Here is is broken down county by county.
So premiums have gone up — although not as much as they used to go up every year, in fact in some states and counties they have actually gone down — and insurers have left the market place, but in both cases those problems are generally worse in states that have resisted the ACA rather than those that have fully adopted it.

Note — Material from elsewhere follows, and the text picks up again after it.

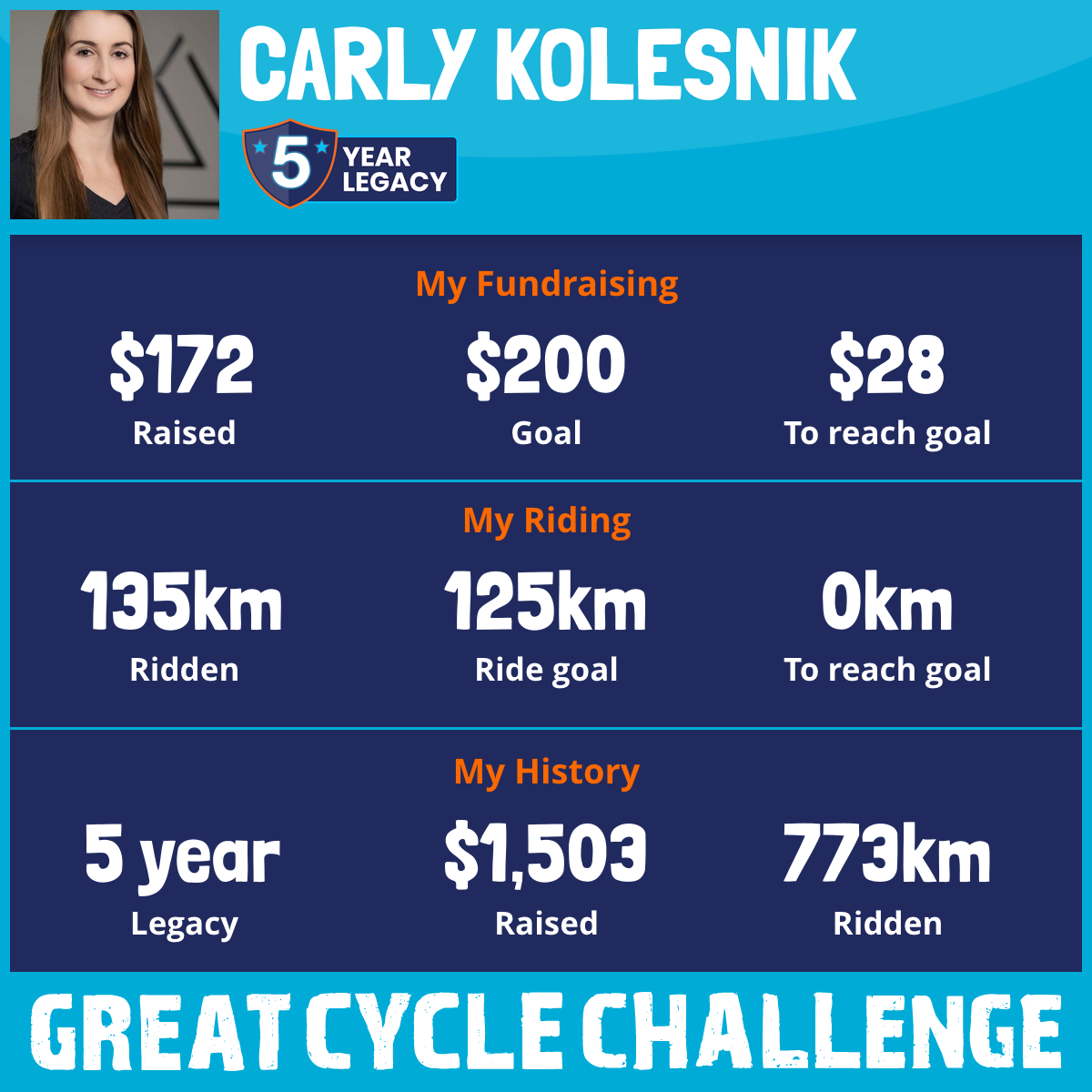 135 km Ridden$172 Raised2025

So we’re told we should “trust the laboratory of the states” that bills like Graham-Cassidy gives more power to the states to have flexibility and choices including dropping coverage for essential benefits, pre-existing conditions and allowing insurance companies to crank up their rates for those who want that kind of coverage — exactly why should we trust them since the consistent track record of many states have shown they have done far from their best to protect their citizens either from losing coverage or rapidly creeping prices, when they already had exactly the power to do both?
Just look what they’ve done with that power so far.
Now like anything else in the world it’s not an automatic rule that anything done by the States will always be either better or worse than what is done by the Federal Government. The only real difference is consistency, when you allow different choices within the states — you will naturally result in different results within those states, some will be worse but some will be better. Maybe we should be paying much more attention to the states that have better coverage, lower rates and stable markets, rather than giving the ones who don’t even more power to do more damage to repeat and worsen the mistakes they’ve already made.